Transcribe each record exactly, but omit pictures.

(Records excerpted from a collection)
►

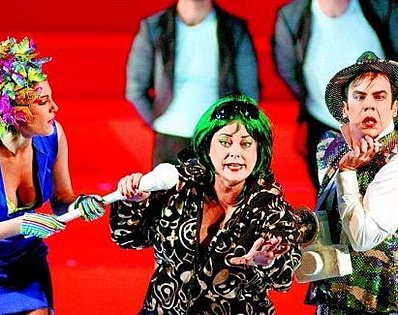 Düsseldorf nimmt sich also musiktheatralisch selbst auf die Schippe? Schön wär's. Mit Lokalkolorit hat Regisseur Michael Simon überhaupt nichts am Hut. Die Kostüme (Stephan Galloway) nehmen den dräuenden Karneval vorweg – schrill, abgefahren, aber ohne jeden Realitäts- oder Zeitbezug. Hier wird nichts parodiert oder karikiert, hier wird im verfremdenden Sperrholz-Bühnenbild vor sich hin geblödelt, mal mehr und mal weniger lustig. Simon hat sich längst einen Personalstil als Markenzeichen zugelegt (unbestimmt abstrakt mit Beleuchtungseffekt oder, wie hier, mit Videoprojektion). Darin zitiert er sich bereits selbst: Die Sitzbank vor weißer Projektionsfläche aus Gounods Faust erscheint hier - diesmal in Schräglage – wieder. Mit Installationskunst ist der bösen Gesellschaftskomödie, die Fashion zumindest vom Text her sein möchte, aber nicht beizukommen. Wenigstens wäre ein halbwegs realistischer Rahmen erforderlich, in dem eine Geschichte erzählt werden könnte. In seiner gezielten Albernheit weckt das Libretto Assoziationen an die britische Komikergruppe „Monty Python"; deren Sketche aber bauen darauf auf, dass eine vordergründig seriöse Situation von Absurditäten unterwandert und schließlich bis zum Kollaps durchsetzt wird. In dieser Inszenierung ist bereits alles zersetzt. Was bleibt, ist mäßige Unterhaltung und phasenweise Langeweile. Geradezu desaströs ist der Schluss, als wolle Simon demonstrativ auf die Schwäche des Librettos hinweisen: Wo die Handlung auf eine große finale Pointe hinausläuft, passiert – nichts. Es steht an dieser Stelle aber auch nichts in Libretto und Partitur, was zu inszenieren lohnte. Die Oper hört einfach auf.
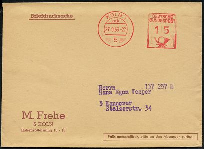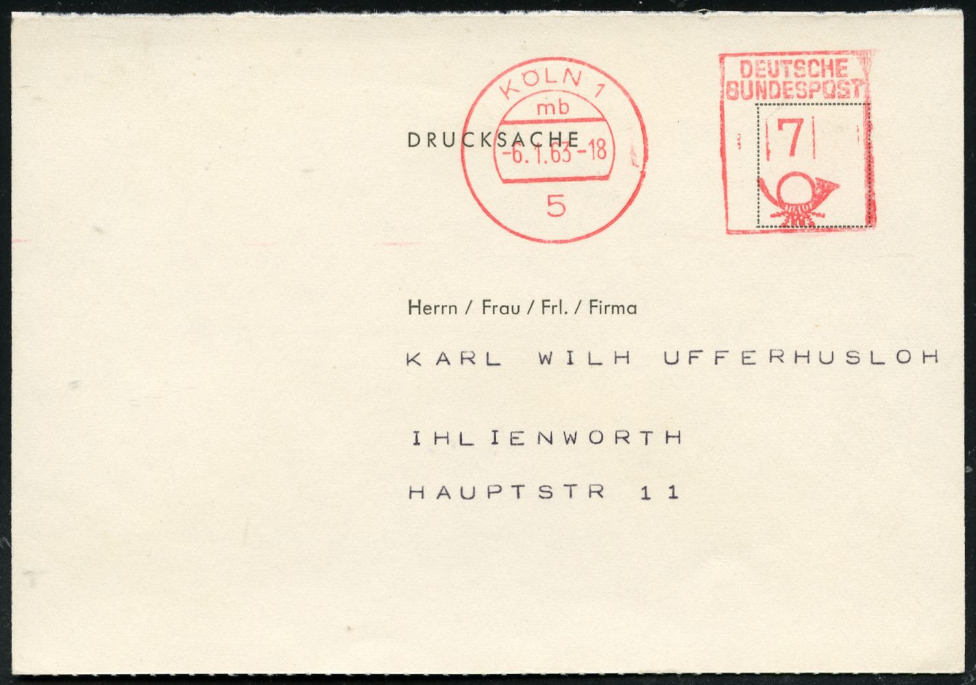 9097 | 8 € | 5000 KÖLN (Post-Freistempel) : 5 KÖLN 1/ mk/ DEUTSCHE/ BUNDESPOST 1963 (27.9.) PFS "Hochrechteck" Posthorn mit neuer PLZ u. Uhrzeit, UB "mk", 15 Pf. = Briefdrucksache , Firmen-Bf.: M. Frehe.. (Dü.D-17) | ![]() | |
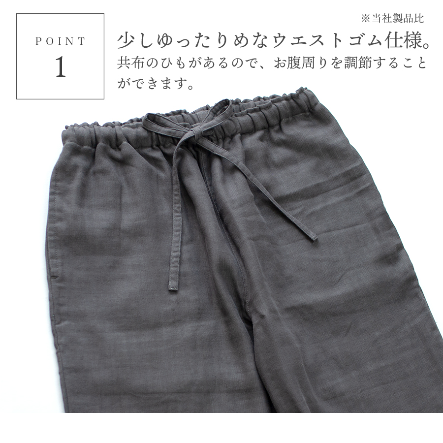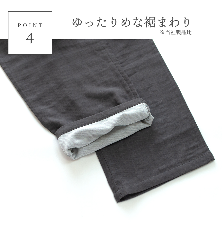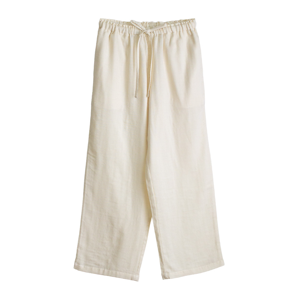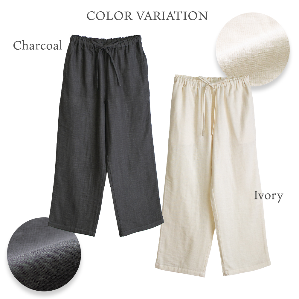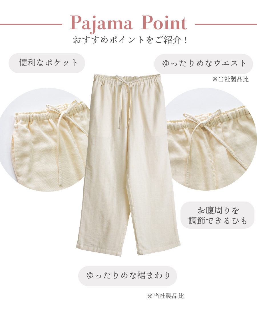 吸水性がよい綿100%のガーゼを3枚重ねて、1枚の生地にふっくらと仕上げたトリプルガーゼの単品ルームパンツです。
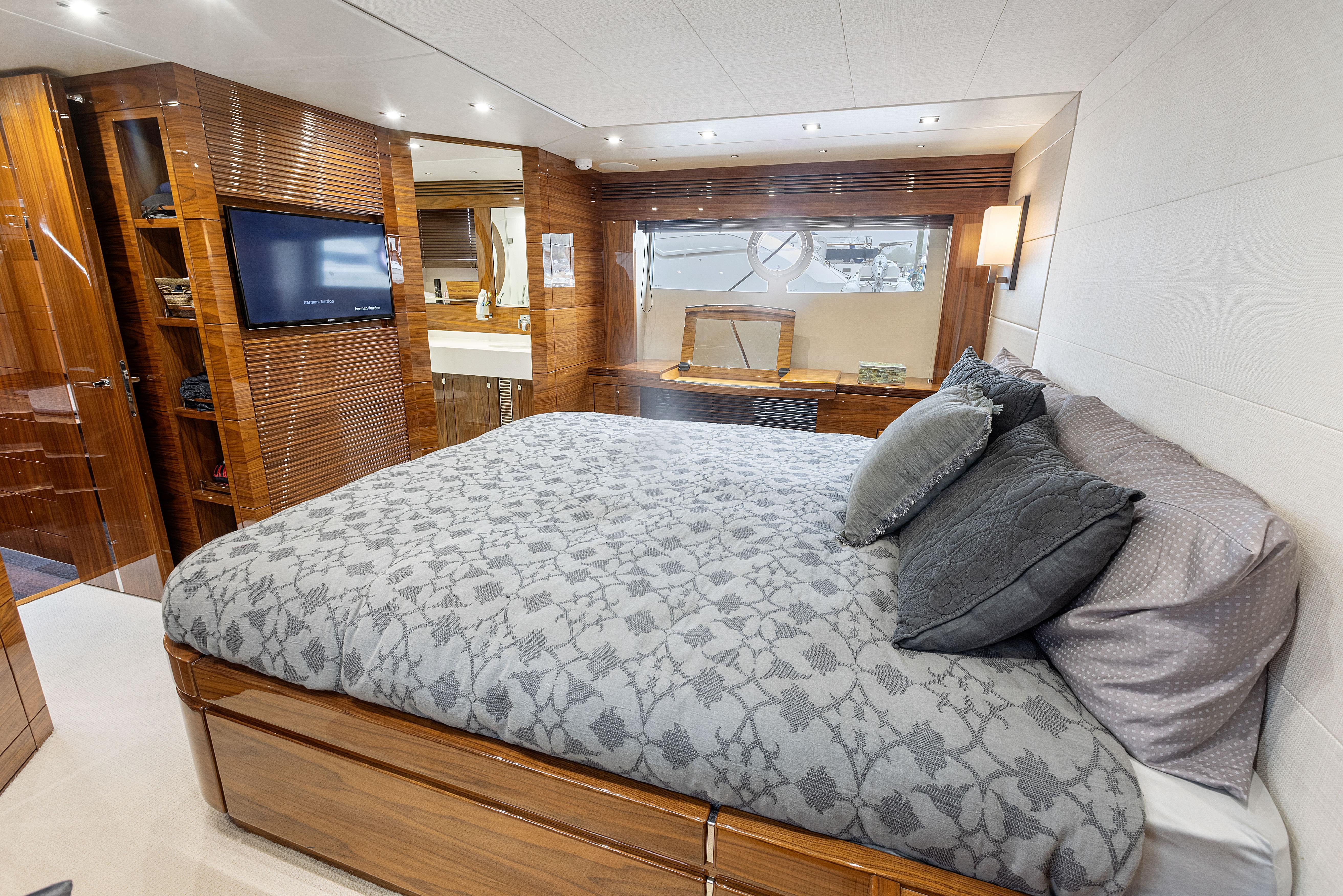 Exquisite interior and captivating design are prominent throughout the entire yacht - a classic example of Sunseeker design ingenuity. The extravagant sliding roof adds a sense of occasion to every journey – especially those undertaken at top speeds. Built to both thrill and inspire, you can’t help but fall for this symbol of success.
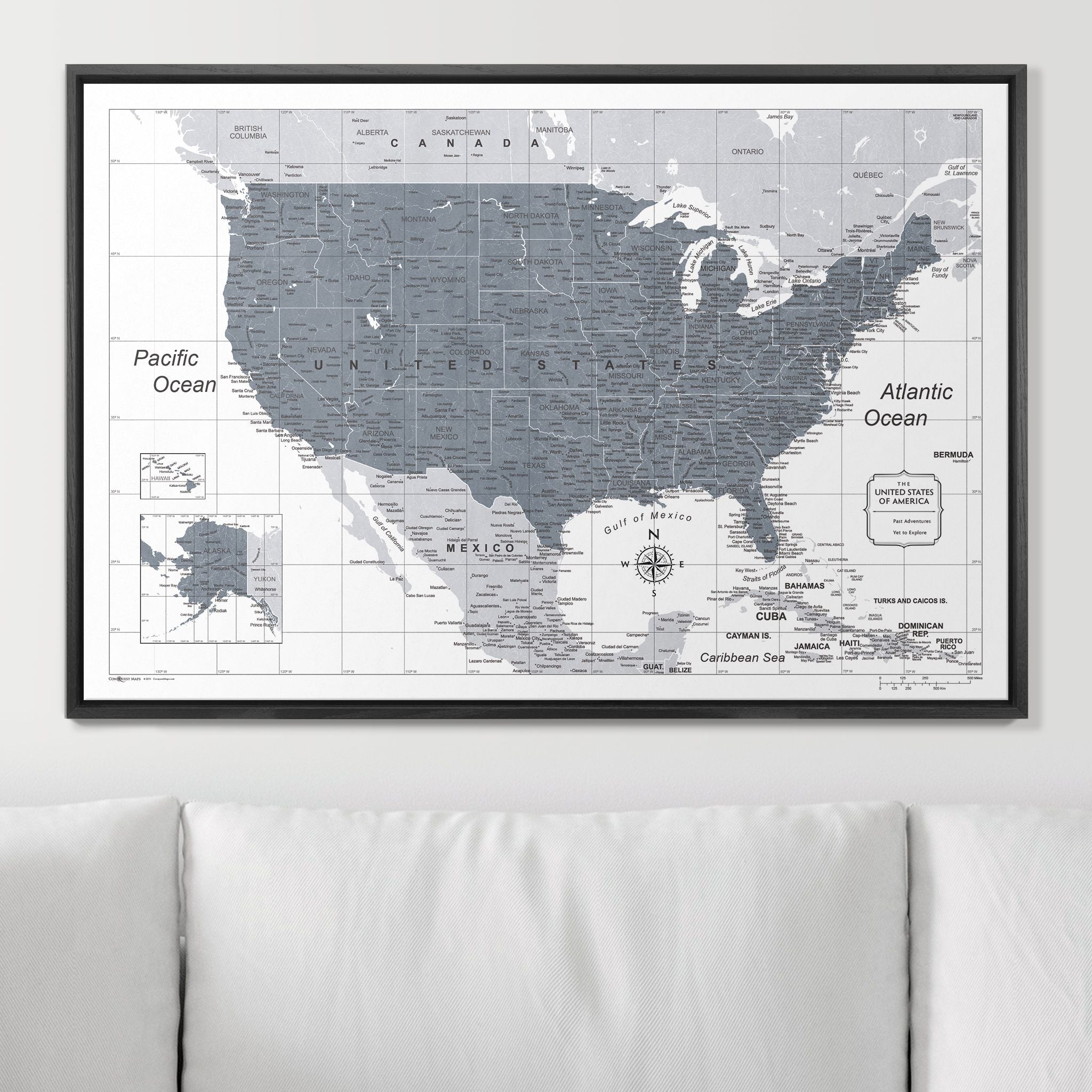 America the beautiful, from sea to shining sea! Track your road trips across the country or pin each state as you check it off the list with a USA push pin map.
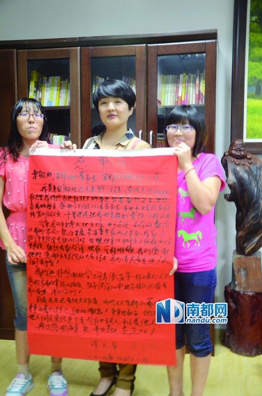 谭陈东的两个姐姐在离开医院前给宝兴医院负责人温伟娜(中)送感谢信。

◄

Solved exercise:
 Düsseldorf nimmt sich also musiktheatralisch selbst auf die Schippe? Schön wär's. Mit Lokalkolorit hat Regisseur Michael Simon überhaupt nichts am Hut. Die Kostüme (Stephan Galloway) nehmen den dräuenden Karneval vorweg – schrill, abgefahren, aber ohne jeden Realitäts- oder Zeitbezug. Hier wird nichts parodiert oder karikiert, hier wird im verfremdenden Sperrholz-Bühnenbild vor sich hin geblödelt, mal mehr und mal weniger lustig. Simon hat sich längst einen Personalstil als Markenzeichen zugelegt (unbestimmt abstrakt mit Beleuchtungseffekt oder, wie hier, mit Videoprojektion). Darin zitiert er sich bereits selbst: Die Sitzbank vor weißer Projektionsfläche aus Gounods Faust erscheint hier - diesmal in Schräglage – wieder. Mit Installationskunst ist der bösen Gesellschaftskomödie, die Fashion zumindest vom Text her sein möchte, aber nicht beizukommen. Wenigstens wäre ein halbwegs realistischer Rahmen erforderlich, in dem eine Geschichte erzählt werden könnte. In seiner gezielten Albernheit weckt das Libretto Assoziationen an die britische Komikergruppe „Monty Python"; deren Sketche aber bauen darauf auf, dass eine vordergründig seriöse Situation von Absurditäten unterwandert und schließlich bis zum Kollaps durchsetzt wird. In dieser Inszenierung ist bereits alles zersetzt. Was bleibt, ist mäßige Unterhaltung und phasenweise Langeweile. Geradezu desaströs ist der Schluss, als wolle Simon demonstrativ auf die Schwäche des Librettos hinweisen: Wo die Handlung auf eine große finale Pointe hinausläuft, passiert – nichts. Es steht an dieser Stelle aber auch nichts in Libretto und Partitur, was zu inszenieren lohnte. Die Oper hört einfach auf.
 9097 | 8 € | 5000 KÖLN (Post-Freistempel) : 5 KÖLN 1/ mk/ DEUTSCHE/ BUNDESPOST 1963 (27.9.) PFS "Hochrechteck" Posthorn mit neuer PLZ u. Uhrzeit, UB "mk", 15 Pf. = Briefdrucksache , Firmen-Bf.: M. Frehe.. (Dü.D-17) | ![]() | |
 吸水性がよい綿100%のガーゼを3枚重ねて、1枚の生地にふっくらと仕上げたトリプルガーゼの単品ルームパンツです。
 Exquisite interior and captivating design are prominent throughout the entire yacht - a classic example of Sunseeker design ingenuity. The extravagant sliding roof adds a sense of occasion to every journey – especially those undertaken at top speeds. Built to both thrill and inspire, you can’t help but fall for this symbol of success.
 America the beautiful, from sea to shining sea! Track your road trips across the country or pin each state as you check it off the list with a USA push pin map.
 谭陈东的两个姐姐在离开医院前给宝兴医院负责人温伟娜(中)送感谢信。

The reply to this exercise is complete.